[Dataset entries]
● ● ●
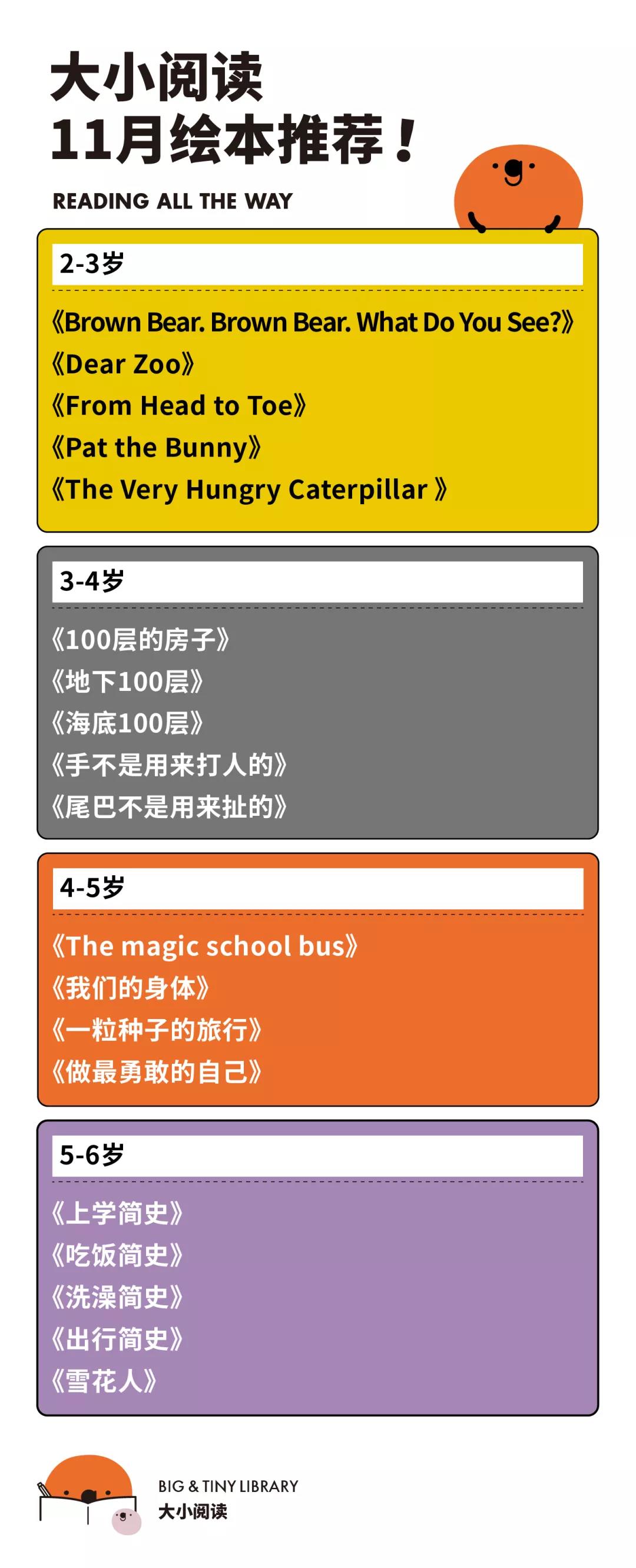 每个月,我们会为不同年龄段挑选出有趣的书籍,让孩子和家庭能更轻松地找到适合自己的读物,让阅读变成一种习惯。
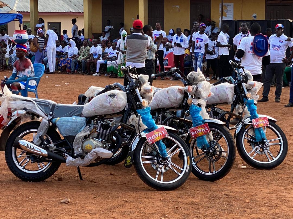 Presidential Advisor on Health, Dr Anthony Nsiah-Asare has supported Ahafo Ano South-East constituency with three motorbikes and ten bales of clothing to strengthen the New Patriotic Party’s campaign activities in the December polls.
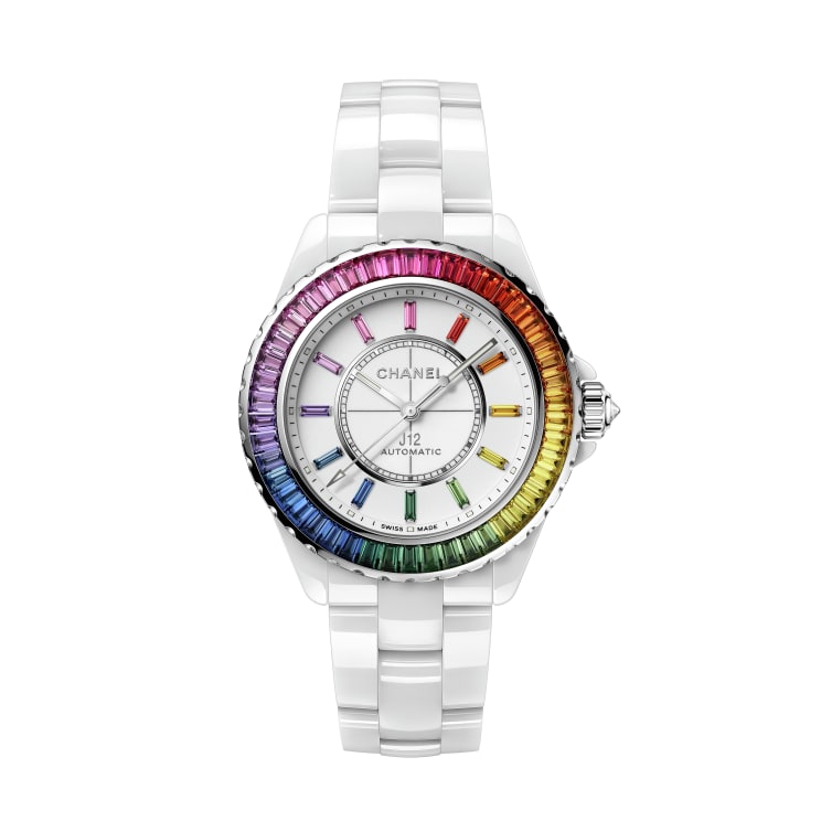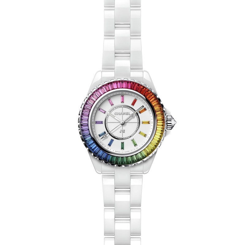 Next up, the limited edition J12 Electro Dream, is in either black or white ceramic, combining the twelve colours in gradation of sapphires on the bezel. This is echoed on the dial by 12 baguette-cut markers.
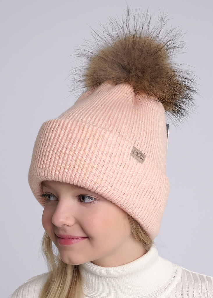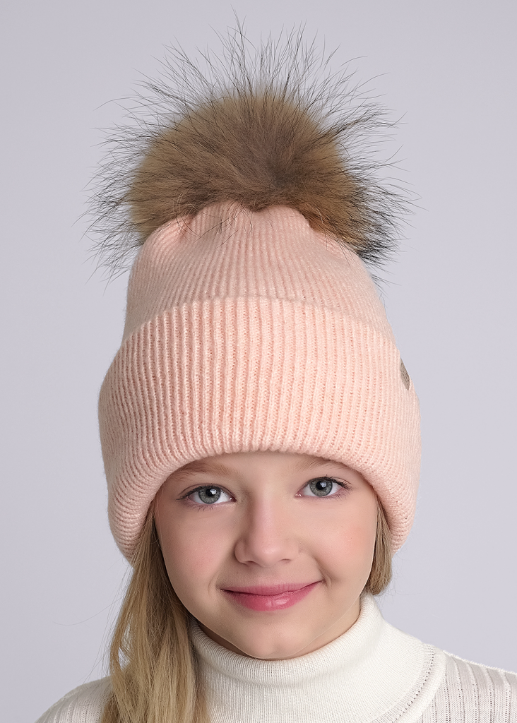 Двойная детская шапка с отворотом, декорирована нашивкой логотип и меховым помпоном. Идеально подойдёт для холодной зимы.
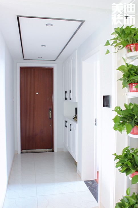 這是入戶玄關,一進門就能看到綠植讓人心情愉悅,大門左側白色木柜與房間整體風格融為一體,整體簡潔、大方,柜子中間部分可以放置進出門需要取放的包包、鑰匙等,下半部分可以放置鞋子,上半部分則可以放置閑置物品。
● ● ●
From the line containing "Двойная детская шапка" through the last line of the entries, copy each line exactly and only those, skipping all pictures.

 Двойная детская шапка с отворотом, декорирована нашивкой логотип и меховым помпоном. Идеально подойдёт для холодной зимы.
 這是入戶玄關,一進門就能看到綠植讓人心情愉悅,大門左側白色木柜與房間整體風格融為一體,整體簡潔、大方,柜子中間部分可以放置進出門需要取放的包包、鑰匙等,下半部分可以放置鞋子,上半部分則可以放置閑置物品。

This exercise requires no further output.